SYLLABUS

Contact Information:

Lecture Time MWF: 11 - 11:50 AM
Lecture Place 129 Simrall
Lecturer Joseph Picone, Professor
Lecturer Office 228 Simrall
Lecturer Office Hours available after class or any other times by appointment
Lecturer Phone 662-312-4209
Lecturer Email joseph.picone@gmail.com
Lecturer Instant Messaging Google Talk: joseph.picone@gmail.com
Recitation Lecture Time Tuesday: 7 to 9 PM
Recitation Lecture Place Simrall 129
Recitation Lecturer Ram Mohan Reddi
Recitation Lecturer Office Simrall 431, Cubicle 9
Recitation Lecturer Office Hours TTH: 10 - 12 PM; other times by appointment
Recitation Lecturer Phone 662-325-3668
Recitation Lecturer Email rr370@msstate.edu
Recitation Lecturer Instant Messaging ece3163@gmail.com
Class Alias ece_3163@ece.msstate.edu
URL http://www.ece.msstate.edu/research/isip/publications/courses/ece_3163
Textbook E.W. Kamen and B.S. Heck, Fundamentals of Signals and Systems Using The Web and Matlab, Pearson Prentice-Hall, ISBN: 0-13-168737-9, 2007 (supporting material available at http://users.ece.gatech.edu/~bonnie/book/, and Pearson Higher Ed).
Suggested Reference L. Daniel, et al., MIT 6.003: Signals and Systems
Prerequisites Grade of C or better in ECE 3153: Circuit Analysis II
Other Reference Materials Signal Processing Demonstrations: a collection of applets designed to demonstrate important signal processing concepts.
R. Baraniuk, Signals and Systems: an excellent online course containing contributions from many well-known authors.


Grading Policies:

Item: Weight:
  Exam No. 1   25%
  Exam No. 2   25%
  Exam No. 3   25%
  Final Exam   25%
  Special Projects   10% per project


Exams:

We will have three in-class exams in this course and acomprehensive final.
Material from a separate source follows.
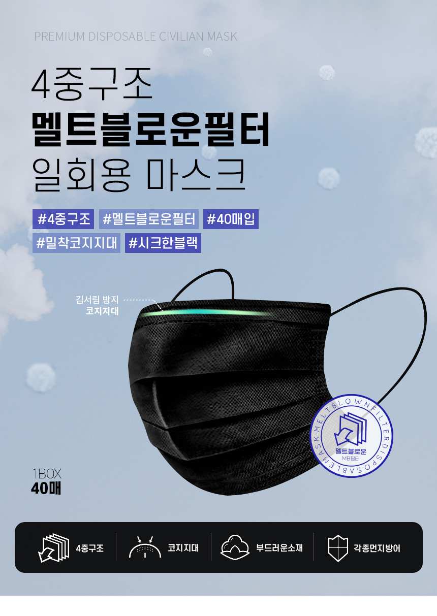 4중 구조의 멜트블로운필터가 들어간 일회용 마스크이며 김서림 방지 코지지대까지 있어서
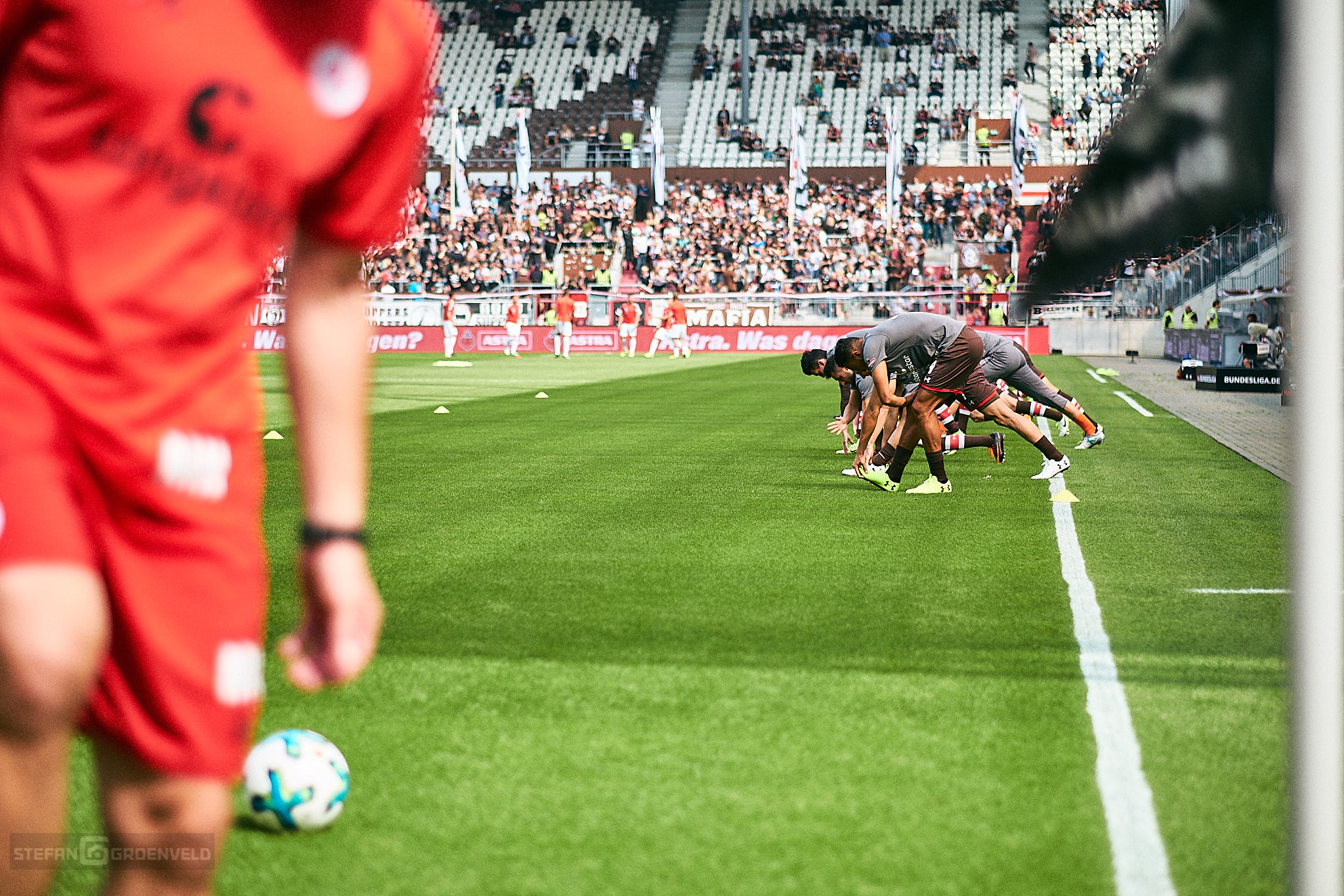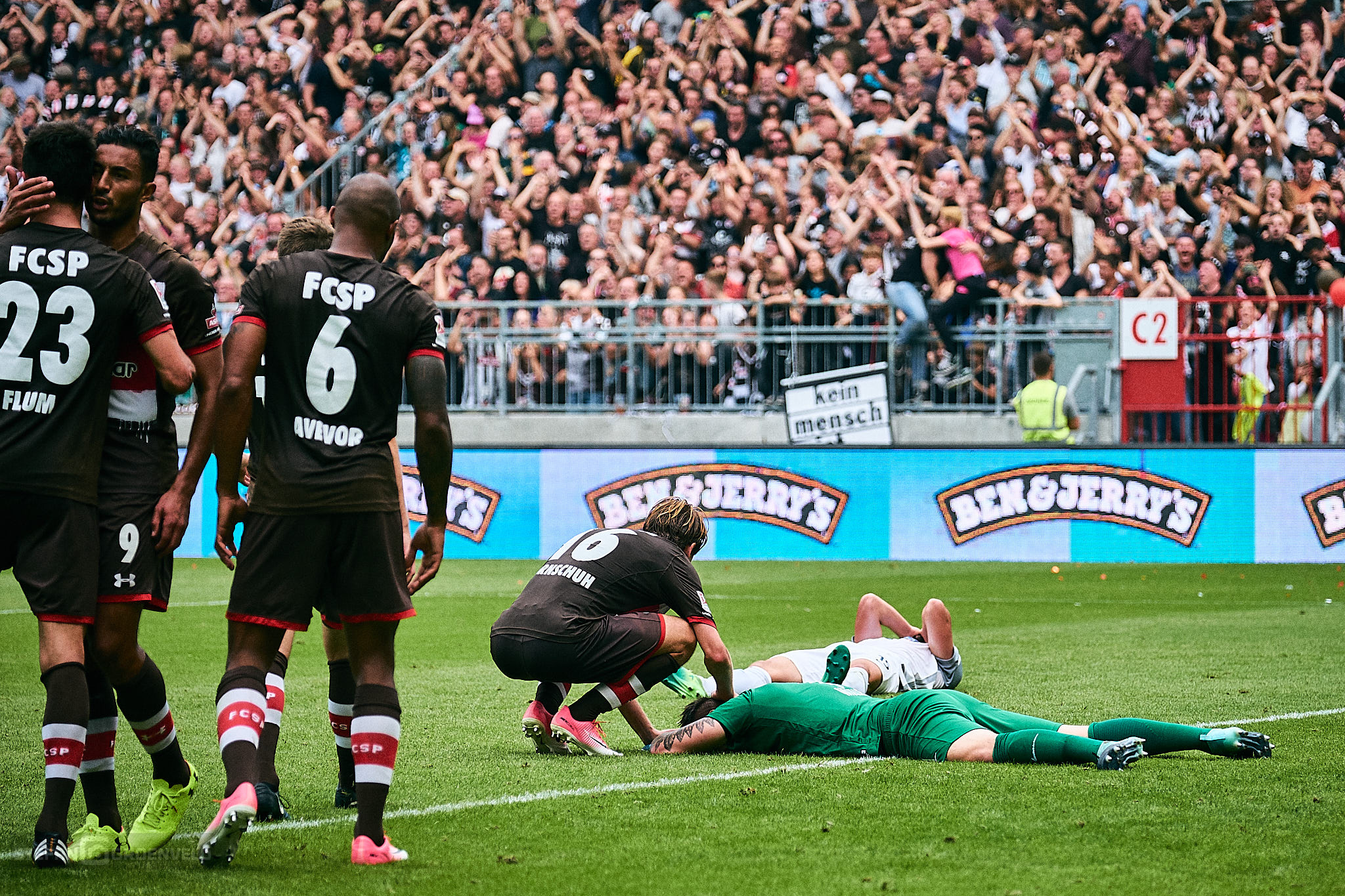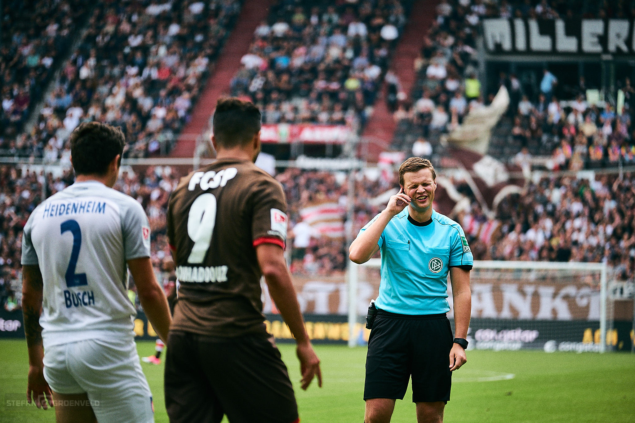 Jedenfalls stocherte Flum mit dem Schlusspfiff in der 92. Minute den unglücklich vor seine Füße prallende Ball als bebenden Schlussakkord eines eher langweiligen Spiels zum erlösenden 1:0 ins Netz. Was bleibt ist also Jubel. Über den Rest des Spiels können wir getrost den Mantel des Schweigens hüllen. In der ersten Halbzeit witzelte ich mit einem Fotokollegen, dass wir von Allagui Langzeitbelichtungen machen könnten. Zumindest in der 2. Halbzeit bemühten sich St. Paulianer, fanden aber kein Rezept gegen wie immer vielbeinig abwehrende Heidenheimer. Das erste Mal, dass der gegnerische Torwart einen Ball abwehren musste, war in der 75. Minute. Dann noch mal in der 77. Das war es auch schon. Den in der 92. konnte er nicht halten. Bitter, aber geil!

Each in-class exam will be closed books and notes. You will be allowed one page (double-sided) of notes for the in-class exams. For the final exam you will be allowed three pages of notes, presumably the same notes you used for the in-class exams. The exams will resemble the homework problems, so it is important that you thoroughly study the homework problems.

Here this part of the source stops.